Table 4 Some genes related to PARK2

For the nine relationships between genes, disorders, and drugs, nine queries (Q1-Q9) were designed. Tables 5 and 6 record the source and respective proportions of each query result. To evaluate the results to improve the accuracy, we invited three professionals as domain experts to evaluate the query results. Two of these experts evaluated the results independently. The three experts provided their confidence levels (“Yes,” or “No”) in the query results. Each query result received the label “the correct query result” if it received more than two “Yes”. Otherwise, it was labeled “a false query result”. The analysis of the query results is shown in Tables 5 and 6: the column of “No” represents the nine queries. In the column of “(The number of correct queries results): (The number of queries results),”, for example, in Table 4, “48: 56” means that there were 56 query results from SemMedDB for Q1 in total. Forty-eight of them received the “correct results” label. The column “Precision” means that the “The number of correct query results” out of the total “The number of query results.” For example, in Table 4, “91.11” means that the “The number of correct query results” of Q1 was 91.11% (82/90).

Table 5 Analysis of the query results from [35]
Table 6 Analysis of the query results from this paper

In Tables 5 and 6, the results are mainly from SemMedDB and PharmGKB. Furthermore, some of the results are from KEGG and Uniprot. The precision of PharmGKB, KEGG, and Uniprot was 100%. The precision of SemMedDB using the method in the paper published in the ISWC SEPDA 2019 workshop [35] was 83.08% (329: 396). The precision of SemMedDB using the method in this paper was 86.44% (376: 435), which was an increase of 4.04%.

The precision of the method published in the ISWC SEPDA 2019 workshop [35] was 87.68% (477/544). The precision of the method presented in this paper was 89.88% (524/583). The precision increased by 2.51%. Furthermore, the number of query results increased by 7.7% ((583–544)/583), and the number of correct query results increased by 9.5% ((524–477)/524). That means that the method in this paper can help mine more results with increased precision.



It is crucial to integrate SemMedDB with other databases in this method. SemMedDB is a database of semantic predictions (subject-predicate-object triples) from MEDLINE citations (titles and abstracts). SemMedDB currently contains approximately 98 million predictions from all PubMed citations (approximately 29.1 million citations, processed using MEDLINE BASELINE 2019) [8]. Over 3000 papers are added to MEDLINE every day. Therefore, new semantic relationships are added continuously to SemMedDB. The latest relationships can help to discover new relationships for related research. Some potential recommended drugs reported in the recent literature for PD have been found in the preliminary step work on drug repositioning based on this method.
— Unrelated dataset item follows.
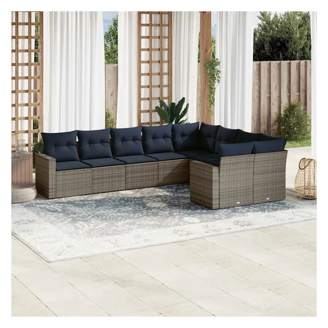 Cet ensemble de canapés de jardin est le complément parfait de votre arrière-cour, terrasse ou patio, offrant un espace confortable et accueillant pour discuter avec la famille et les amis ou simplement se détendre et profiter de l'extérieur. Matériau durable : la résine tressée, également connue sous le nom de poly rotin, est un matériau synthétique solide et nécessitant peu d'entretien qui ressemble au rotin naturel. Il est léger, facile à nettoyer et couramment utilisé pour les meubles d'extérieur en raison de sa durabilité et de ses propriétés de résistance aux intempéries.Expérience d'assise confortable : ce mobilier d'extérieur, doté de coussins épais, offre une expérience d'assise confortable.Housse amovible et lavable : ces coussins de siège sont dotés de housses amovibles pour un lavage et un entretien faciles.Conception modulaire : cet ensemble de meubles d'extérieur a une conception modulaire, ce qui le rend complètement flexible et facile à déplacer, afin que vous puissiez créer un agencement de meubles d'extérieur personnalisé. Bon à savoir :Pour que vos meubles d'extérieur restent beaux, nous vous recommandons de les protéger avec une housse imperméable.

In this paper, the semantic relationship mining method is used to explore interesting, hidden, or previously unknown biomedical relationships. Twenty-five new relationships are extracted in the verification experiment. It helps to improve the results with quantity and quality. Furthermore, interesting, hidden, or previously unknown biomedical relationships can help to detect the potential relationships between drugs and diseases [20, 36].

The nine types of common query patterns are proposed in the baseline method. This approach covers all semantic relationships between genes, disorders and drugs. Compared with the other models, our method can be extended to be used in more applications without a training dataset. Moreover, the method can also meet the requirements of processing large-scale data without high computational cost. The processing time increases with the size of the data linearly. It is more effective than the machine learning method, such as SemRep. In SemMedDB, the weighted average precision of the predictions is based on the number of predictions evaluated, which was approximately 0.79 [37,38,39,40]. In this paper, we used the approach in [34] to extract high-quality triples from SemMedDB. The precision increased by 2.27%.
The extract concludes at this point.